John Burnside’s slow-release magic

And why he’ll make a great Booker judge

By Maggie Fergusson

The literary calendar is now so crammed with prizes it’s hard to keep abreast of winners, let alone judges. But today’s announcement of the panel for the 2015 Man Booker prize is cause for celebration. The column inches will go to the appointment of the chancellor’s wife, Frances Osborne. But the stroke of genius is the inclusion of John Burnside.

Have you heard of Burnside? Have you read a single one of his books? If the answer is no, and no, you’re in the majority. Should you have heard of him? Should you read him? Well, yes, and emphatically yes.

Since he published his first collection of poetry, “The Hoop”, in 1988, Burnside’s work has been greeted with rapturous reviews. He’s one of only two poets to have won both the Forward and the T.S. Eliot prizes for the same collection. “If genius is operating anywhere in English poetry at present,” the novelist Adam Thorpe has written, “it’s here, in Burnside’s singular music.”

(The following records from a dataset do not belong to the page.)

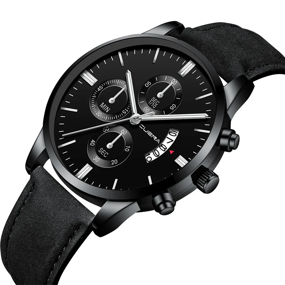 Мужские модные спортивные часы CUENA, кожаный ремешок, Кварцевые ан...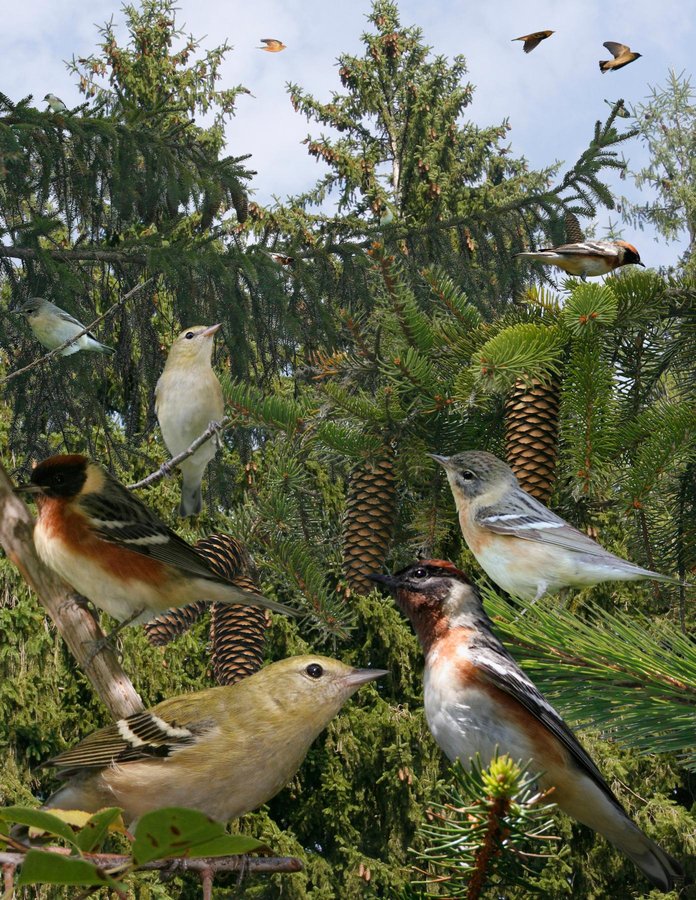 Uncommon to scarce spruce bog breeder in the tallest trees. Also prefers spruce on migration but found elsewhere. Often found with CMWA and BLWA. Call a hard ‘zeet’ or ‘zick’ (similar to YEWA, BLWA, COWA — ‘the zickers’). Song a few high-pitched ‘zee’ notes, similar to CMWA and a short BWWA. ID: A large, powerful warbler, like BLPW with slightly rounder crown and broader-based bill. All plumages have large wing bars, streaked mantle, rufous wash on flanks, and buff wash to undertail coverts. Ad ♂ br: uniquely colored brown cap, throat and breast sides with black mask. Ad ♀ br: duller version of ♂. In fall, all birds have dark eyeline, pale supercilium and pale area behind ear coverts. Rufous flanks are darkest in ad ♂ and palest in 1st-yr ♀. These pale birds are similar to pale BLPW but buffy rather than white on flanks/undertail coverts. They also lack strong yellow tones or diffuse streaks on breast, have greener upperparts with fewer streaks, dark feet, and broader wing bars. PIWA has different shape, and face and color pattern.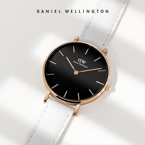 金色边框华丽出彩,可以展现出轻奢大气的格调。牛皮革材质表带具有清晰的纹理,贴肤舒适。小巧表冠,美观耐用。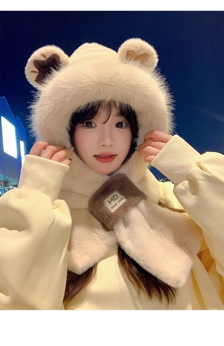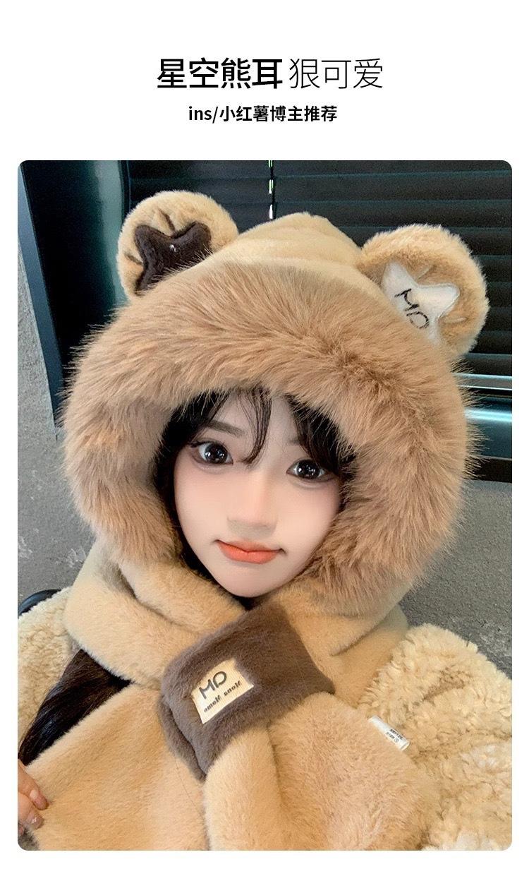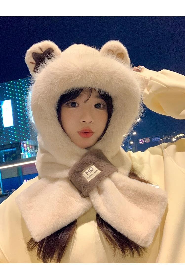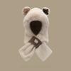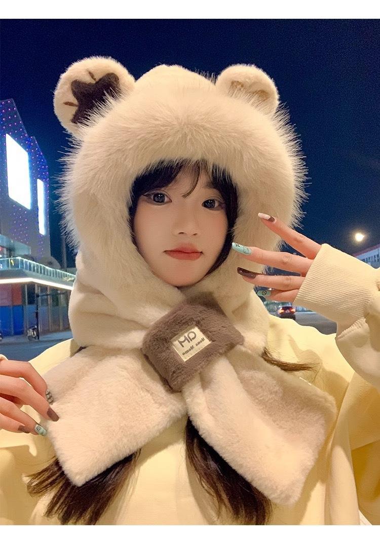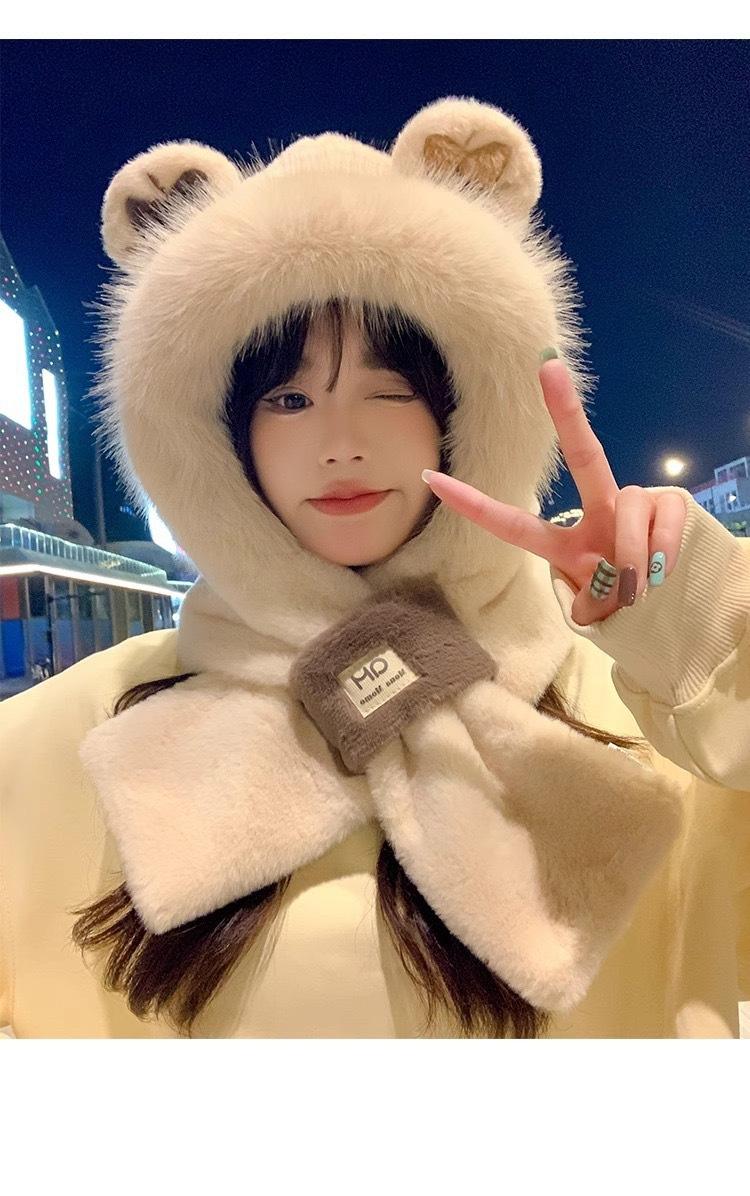 Lindo Gorro de Oso Bufanda Conjunto de Dos Piezas para Mujer Invierno Forrado de Polar Grueso Nuevo Cálido Esponjoso Gorro Bufanda con Capucha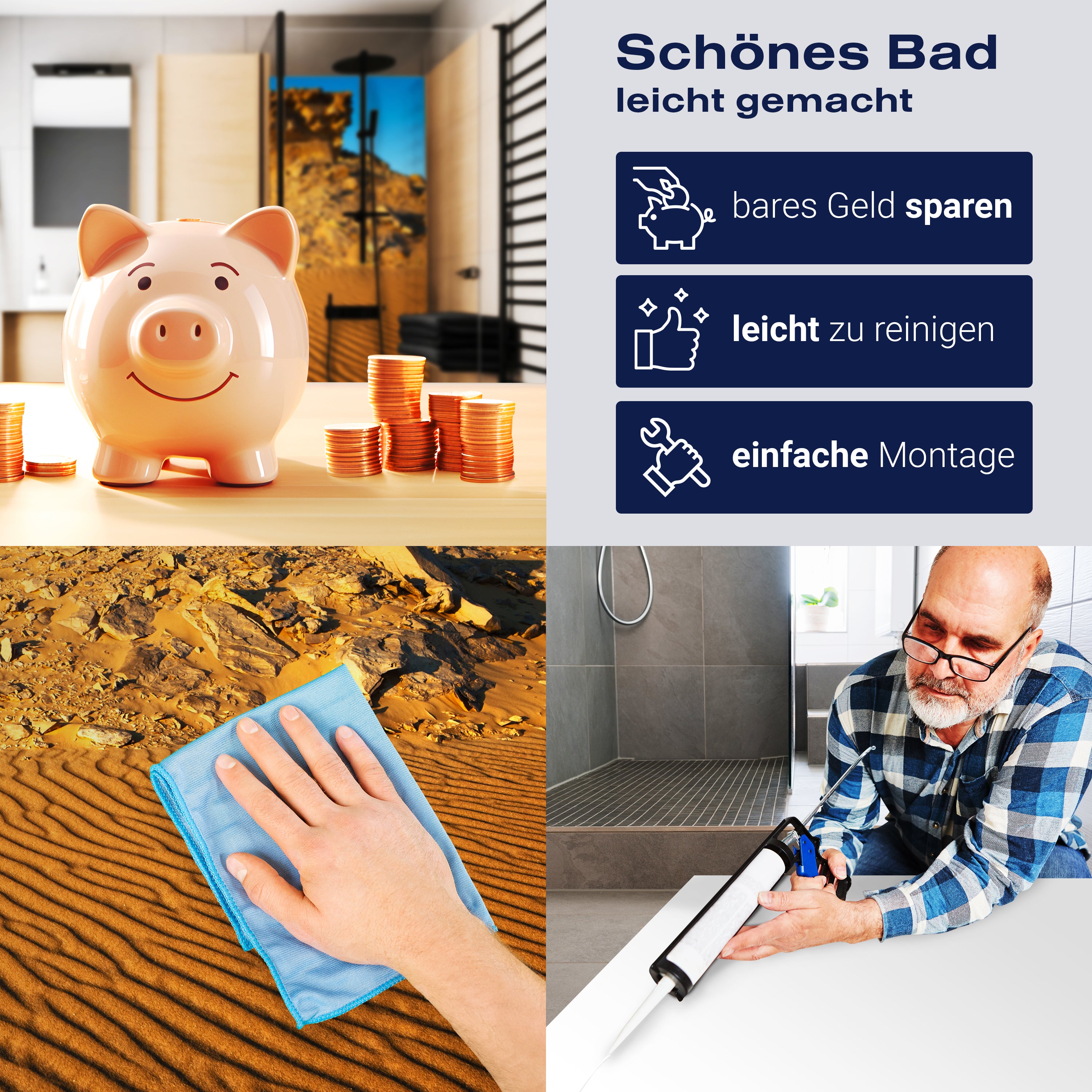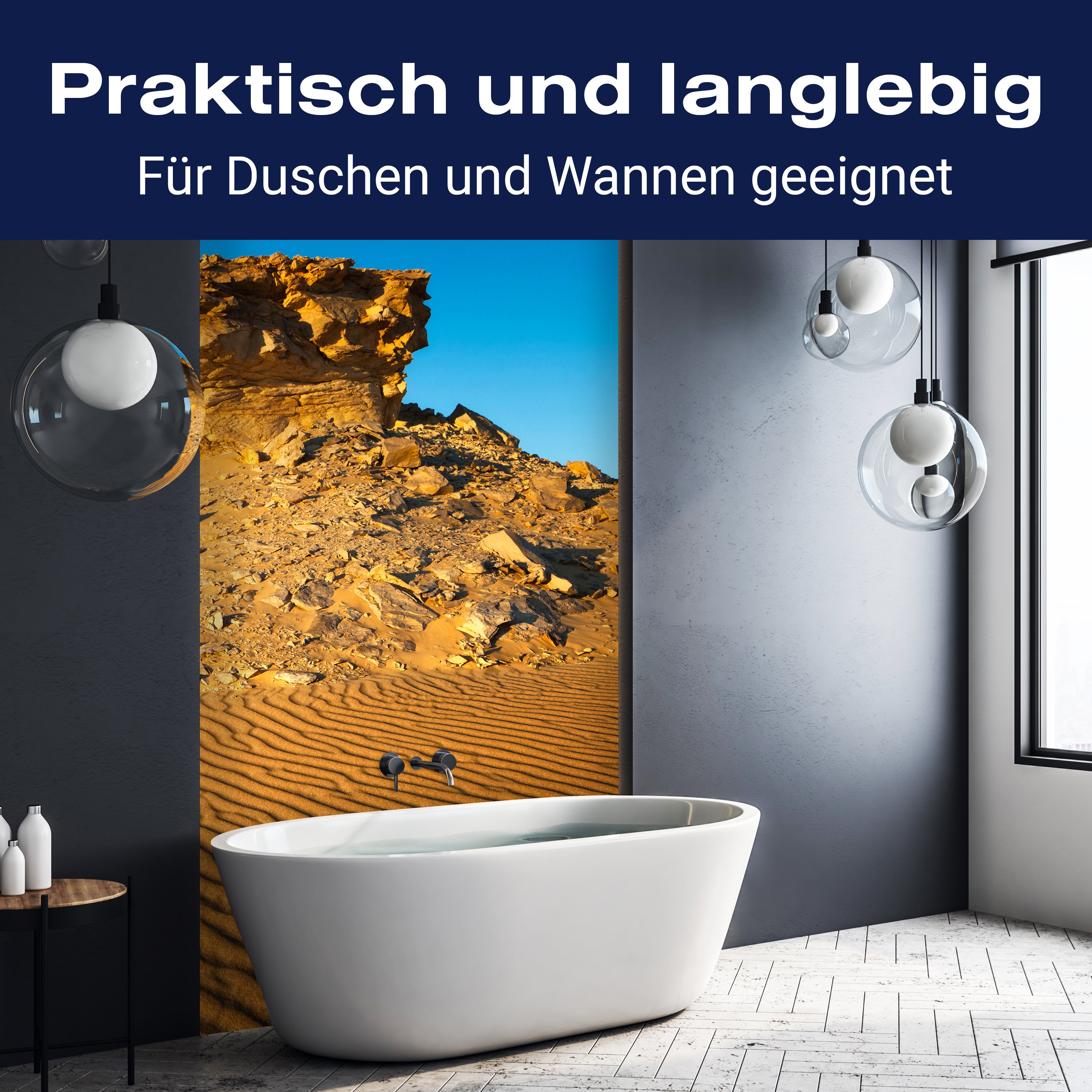 Bist du es leid, auf die langweiligen, schwer zu reinigende Fliesen in deiner Dusche zu schauen? Stell dir vor, wie dein Bad mit einer stilvollen, modernen Rückwand zum Leben erwacht! Unsere Duschwand 'Goldene Wüste' ist nicht nur ein optisches Highlight, sondern auch praktisch und pflegeleicht.

Robin Robertson, himself a prize-winning poet and Burnside’s editor at Cape, remembers encountering his work for the first time. “It was dark, lyrical, numinous, muscular—and I immediately thought, this is extraordinary; this is exactly what I want to publish.” He invited Burnside to meet him for lunch. The poetry had led him to expect “a lean, dashing, Byronic figure—but in walked this lumpy guy in a cheap suit, carrying the world’s worst briefcase.”

Burnside was, at the time, working in IT. This was the period of his life he describes so vividly in “Waking Up in Toytown”, his second volume of memoir, which opens, unforgettably, “Not so long ago, when I was still mad, I found myself in the strangest lunatic asylum I had ever seen.” It goes on to chart Burnside’s attempts to give mental illness the slip by disappearing into “a Surbiton of the mind”, and a nine-to-five career in middle management.

To poetry and memoir, add short stories and novels—and prizes in every form. “It’s very, very rare for a writer to be equally good at poems and novels,” the critic Christina Patterson has written. “John Burnside is. He’s a brilliant poet, a brilliant memoirist, and a brilliant novelist … breathtakingly good.” Breathtaking’s the word. Both in his poetry and his prose, Burnside has the ability to stop you in your tracks, so that you simply have to pause and wonder before moving on. And then, long after the last page is turned, his thoughts and images continue to reverberate—a kind of slow-release magic.

This year, in case you’ve missed them, Burnside has published two extraordinary books—a collection of poetry, “All One Breath”, shortlisted for both the Forward and T.S. Eliot prizes, and “I Put a Spell on You”, a third volume of memoir, combining essay, autobiography and fiction. If you’re looking for a treat this side of Christmas, read them both.